There are many ways to do this in 2 dimensions. For example, start at the origin and go around in a square spiral. Any given point (x,y) no matter how far out will eventually be reached. A non-solution would be: First take care of all the lattice points whose Y-coordinate is 0. Once that’s done, do all the lattice points whose Y-coordinate is 1. Etc. No good, because a point like (1,1) won’t be reached in a finite number of steps.
In 3 dimensions you can still do it; e.g. by drawing concentric cubes starting at the origin and getting bigger. Again, any given point (x,y,z) will eventually be reached.
What if there are countably infinite dimensions? That is, one axis for each natural number? Can it still be done?
Doesn’t seem like it. Suppose you could only be at 0 or 1 on each axis. Then the set of points is the same as the set of real numbers 0<=r<1, expressed in binary, with each axis corresponding to a digit. But that’s an uncountable set by Cantor’s diagonalization. It just gets worse if each axis supports a countable number of positions.
If you allow for all of the coordinates to be non-zero, then the set is uncountable (as Herr Doktor Merkwürdigliebe has noted.) But interestingly, the set of all lattice points with a finite number of non-zero coordinates is countable. One way to see this is to first count all the points with all zeros after position 1 whose coordinates are all no greater than 1 in magnitude. (There are a finite number of these — in fact, only three.) Then count all lattice points will all zeros after position 2 whose coordinates are no greater than 2 in magnitude. (Again, a finite number.) Then count all lattice points with all zeros after position 3 whose coordinates are all no greater than 3 in magnitude. And so forth. At each stage you will be counting a finite number of lattice points, and a countable union of finite sets is countable.
You could also use a Gödel-like numbering. To convert a lattice point to an integer, for each non-zero coordinate, take the nth prime number (where n is the coordinate index) and raise it to the power of the coordinate value. Then multiply all those powers together. You always end up with a (finite) integer, so it’s countable. Easy to convert back as well.
Ok, I’m only dealing with non-negative integers here, but it’s easy to map from the integers to the non-negative integers and back.

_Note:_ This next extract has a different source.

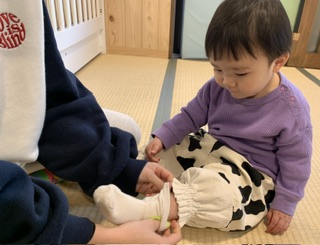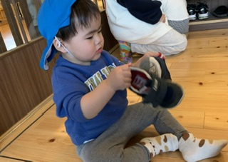子どもたちは自分の靴がどれなのか覚えているため、自ら履こうと頑張る微笑ましい場面もあります。

Actually, forget mapping the negative integers to positive. Just let the exponents go negative. Then every lattice point translates to a positive rational (of which there are countably many).
Thanks for the responses! I thought a diagonal argument would come into the picture but wasn’t clear how. I don’t know what Godel numberings are but I’m in the middle of reading “Godel, Escher, Bach” by Hofstadter and I think he’s going to cover that sometime within the next 800 pages if he ever gets around to it
It’s just a technique for embedding all sorts of information into a single integer. Suppose you have some ordered pairs of positive integers where the first number is distinct, like \{(3, 7), (5, 3), (6, 10)\}. To encode that into a single number, take first number in each pair (call it n), then take the nth prime number and raise it to the power of the second number. Then multiply everything together. So in my example, we have P(3)=5, P(5)=11, P(6)=13, and therefore our number is X = 3^7 \cdot 11^3 \cdot 13^{10} = 401291870347778553
The really cool thing is that you can do it recursively. If I have \{(1, \{(3, 7), (5, 3), (6, 10)\}), (3, \{(1, 3)\})\}, then the encoded number is X = 2^{401291870347778553} \cdot 5^{2^3}. And so on, for however many layers you want. All the numbers have to be finite, of course.
It’s easy to go in the other direction too; you just factor the number and count the number of times each prime factor shows up.
Gödel himself used the technique to encode formulas. He would assign each symbol an integer, for example ( would be the number 11, and so on. Then you could turn any mathematical statement into a distinct number.
Note that, while that that will get you out all of the ordered pairs you put in, it won’t tell you what order those ordered pairs were in. That is to say, \{(3,7),(5,3),(6,10)\} will encode the same as \{(5,3),(6,10),(3,7)\}. So if you’re using this to encode entire formulas, you’d best make sure that your encoding includes order information in some other way. Presumably, the way Gödel did it was to have one ordered pair starting with 1, one starting with 2, one starting with 3, and so on, with the number paired with 1 being “the first symbol”, the one paired with 2 being “the second symbol”, and so on.
I don’t actually think that Hofstadter goes into the details of this particular encoding method, but rather, uses a different encoding. Which is fine. All that was really necessary for Gödel’s argument was that it’s possible to encode formulas as integers; precisely how the encoding worked didn’t matter.